Yep. Convergence is the annual net.goth meetup. It started out with people from the alt.gothic and alt.gothic.fashion newsgroups, and spread to LJ and various gothy message boards and forums. 2007 is Convergence 13. (And holy mother, am I glad that Seattle didn't actually win the vote for it. We would have thrown a really cool event, but none of the organizers would come out of it with their sanity.)
One for the eagles among us: Can an email reception be admitted in court?
A client came to me with this question and I had no answer. My guess was that you needed at least a facsimile of a signature ... then I got lost in the whole "what is a facsimile" thing. Then I went into my English-As-A-Second-Language thing.

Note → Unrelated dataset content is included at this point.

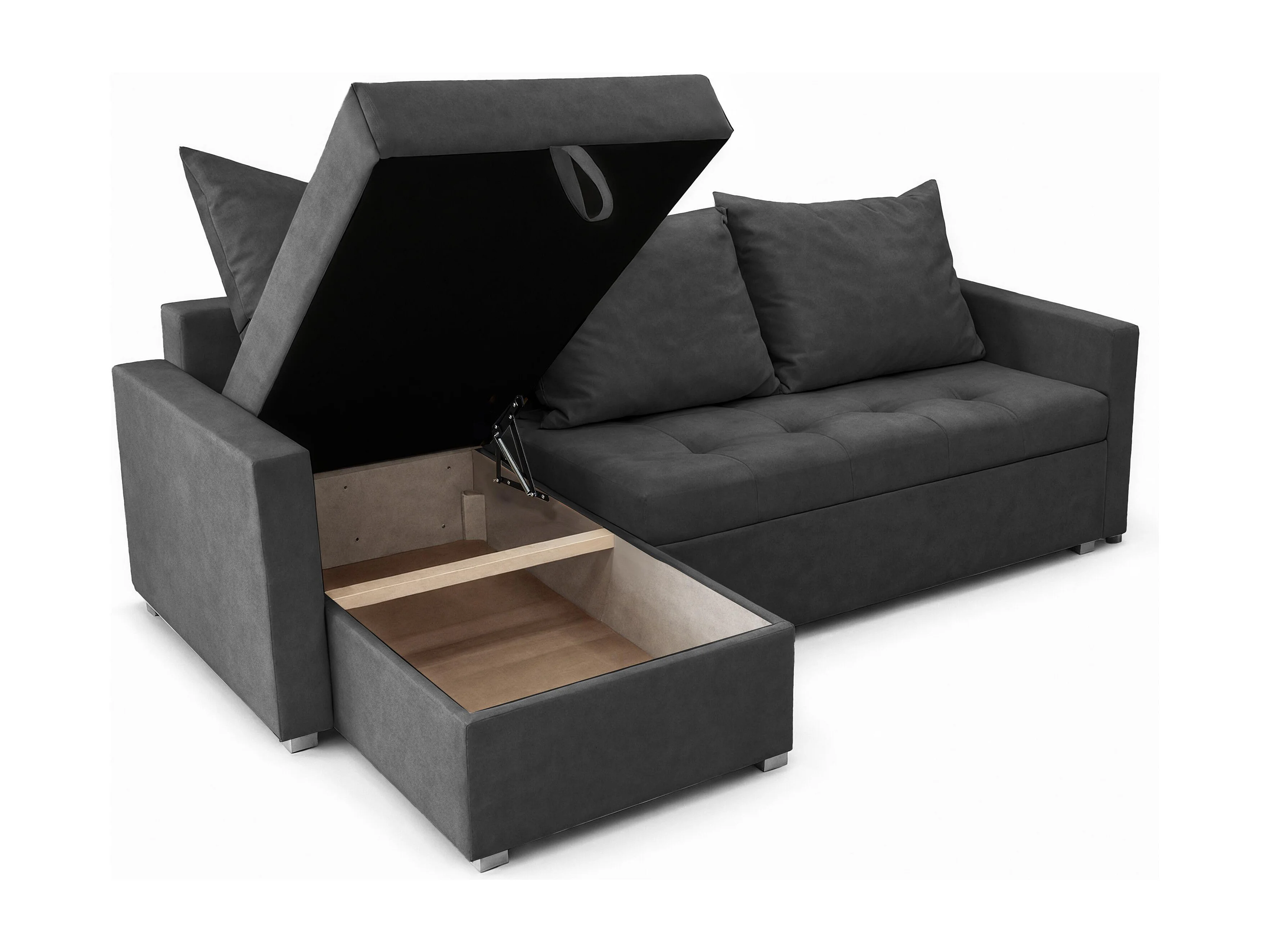 AX LIVING Canapé d’angle ELIF gris convertible avec coffre L moderne gauche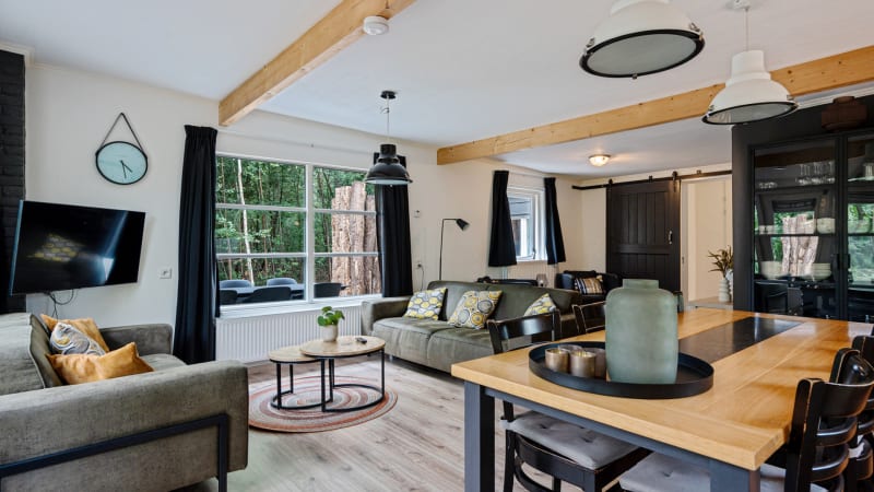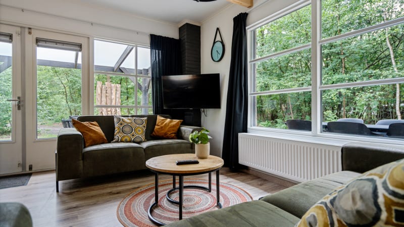 Ce spacieux bungalow au milieu de la forêt offre tranquillité et espace, et peut être réservé avec jacuzzi à partir du 11 avril 2025.

Yipes. I think the answer is "you need a lawyer to answer that".
2007 is Convergence 13.
Newbie.
Yeah yeah, I know. But the fact that the goth community has managed to throw this event 13 times still astonishes me. Goths & organizing tend to be unmixy things.
Emily got some little bugs in her broccoli, I think.
By the way, Emily, I'm picking you up at the airport tomorrow. Send me your flight info.
For those of you keeping score, NYC still hasn't been nuked.
If you can call this living.
Gus, I see no reason why email reception couldn't be admitted in court. You'd need some statement showing that the email was in the recipient's inbox, and then there would have to be some kind of ruling regarding whether being in someone's inbox and having been opened meant that the recipient could be presumed to have read it and be on notice of its contents.
But the fact that someone received an email? No problem. That is, after all, what all those numbers at the top of the file are--tracking data, yeah?